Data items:

━━━━━━━━━━━━━━━━

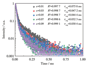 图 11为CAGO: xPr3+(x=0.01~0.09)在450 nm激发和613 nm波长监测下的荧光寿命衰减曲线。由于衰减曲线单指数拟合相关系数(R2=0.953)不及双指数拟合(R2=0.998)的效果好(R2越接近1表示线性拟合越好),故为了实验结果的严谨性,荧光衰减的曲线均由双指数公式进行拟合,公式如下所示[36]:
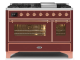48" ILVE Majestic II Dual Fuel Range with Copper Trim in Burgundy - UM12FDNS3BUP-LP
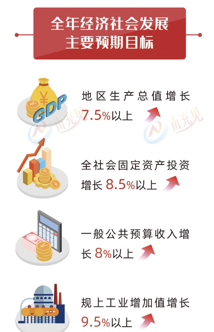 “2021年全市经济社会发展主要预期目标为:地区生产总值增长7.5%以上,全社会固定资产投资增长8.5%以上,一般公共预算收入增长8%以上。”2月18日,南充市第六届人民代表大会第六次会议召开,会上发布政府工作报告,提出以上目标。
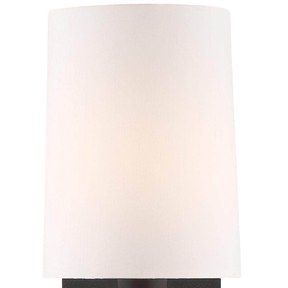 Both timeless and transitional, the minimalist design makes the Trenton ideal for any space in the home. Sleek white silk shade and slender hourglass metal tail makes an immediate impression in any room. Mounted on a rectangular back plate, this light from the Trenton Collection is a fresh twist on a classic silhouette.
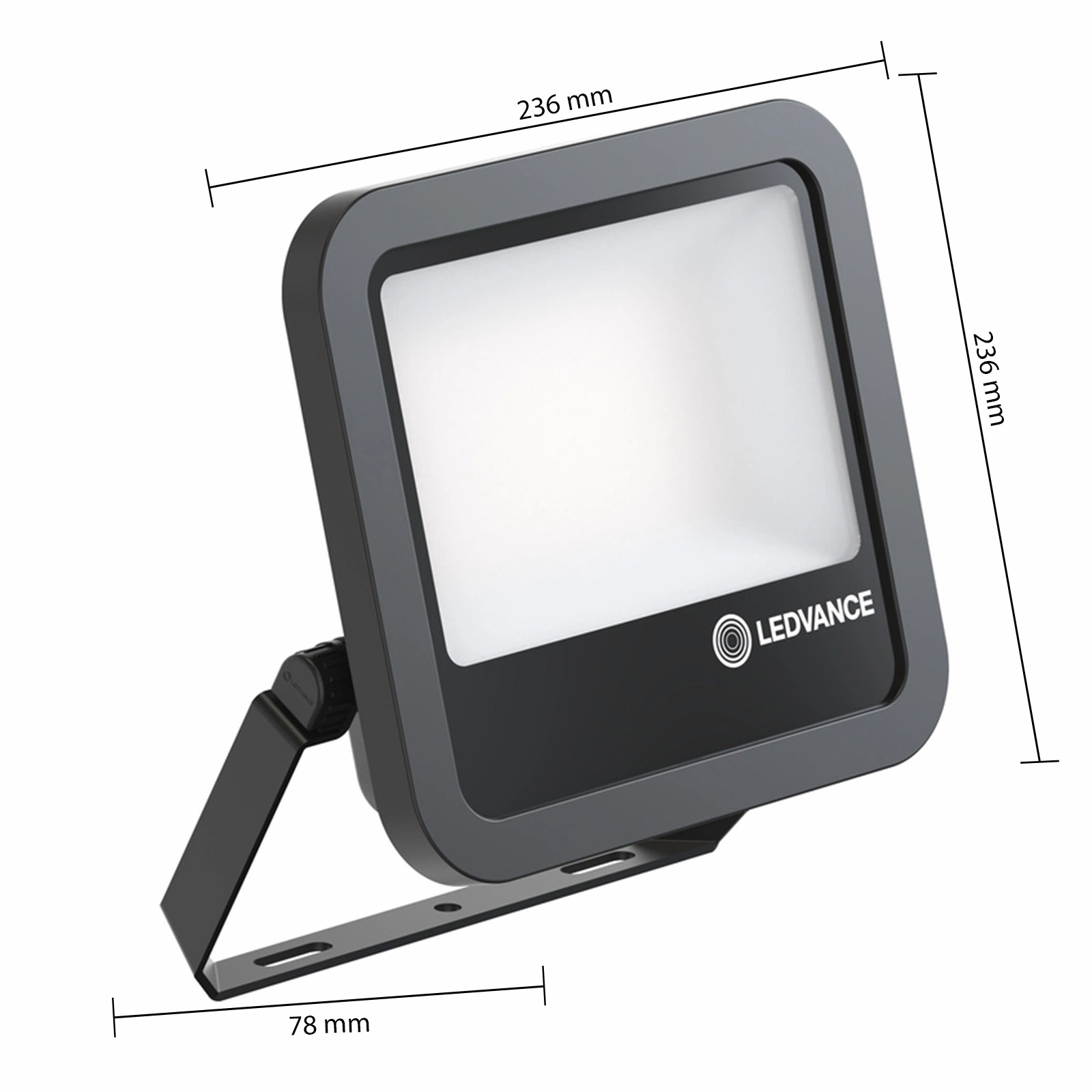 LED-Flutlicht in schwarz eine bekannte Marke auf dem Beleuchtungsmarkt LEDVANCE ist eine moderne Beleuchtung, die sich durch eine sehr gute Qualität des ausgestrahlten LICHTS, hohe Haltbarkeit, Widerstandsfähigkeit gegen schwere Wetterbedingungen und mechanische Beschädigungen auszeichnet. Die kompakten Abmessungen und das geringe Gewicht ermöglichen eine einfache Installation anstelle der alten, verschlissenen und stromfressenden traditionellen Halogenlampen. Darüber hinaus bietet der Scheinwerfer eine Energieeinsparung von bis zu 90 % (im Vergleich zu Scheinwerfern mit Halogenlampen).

━━━━━━━━━━━━━━━━

Output the data exactly. Leave every picture out.

 图 11为CAGO: xPr3+(x=0.01~0.09)在450 nm激发和613 nm波长监测下的荧光寿命衰减曲线。由于衰减曲线单指数拟合相关系数(R2=0.953)不及双指数拟合(R2=0.998)的效果好(R2越接近1表示线性拟合越好),故为了实验结果的严谨性,荧光衰减的曲线均由双指数公式进行拟合,公式如下所示[36]:
48" ILVE Majestic II Dual Fuel Range with Copper Trim in Burgundy - UM12FDNS3BUP-LP
 “2021年全市经济社会发展主要预期目标为:地区生产总值增长7.5%以上,全社会固定资产投资增长8.5%以上,一般公共预算收入增长8%以上。”2月18日,南充市第六届人民代表大会第六次会议召开,会上发布政府工作报告,提出以上目标。
 Both timeless and transitional, the minimalist design makes the Trenton ideal for any space in the home. Sleek white silk shade and slender hourglass metal tail makes an immediate impression in any room. Mounted on a rectangular back plate, this light from the Trenton Collection is a fresh twist on a classic silhouette.
 LED-Flutlicht in schwarz eine bekannte Marke auf dem Beleuchtungsmarkt LEDVANCE ist eine moderne Beleuchtung, die sich durch eine sehr gute Qualität des ausgestrahlten LICHTS, hohe Haltbarkeit, Widerstandsfähigkeit gegen schwere Wetterbedingungen und mechanische Beschädigungen auszeichnet. Die kompakten Abmessungen und das geringe Gewicht ermöglichen eine einfache Installation anstelle der alten, verschlissenen und stromfressenden traditionellen Halogenlampen. Darüber hinaus bietet der Scheinwerfer eine Energieeinsparung von bis zu 90 % (im Vergleich zu Scheinwerfern mit Halogenlampen).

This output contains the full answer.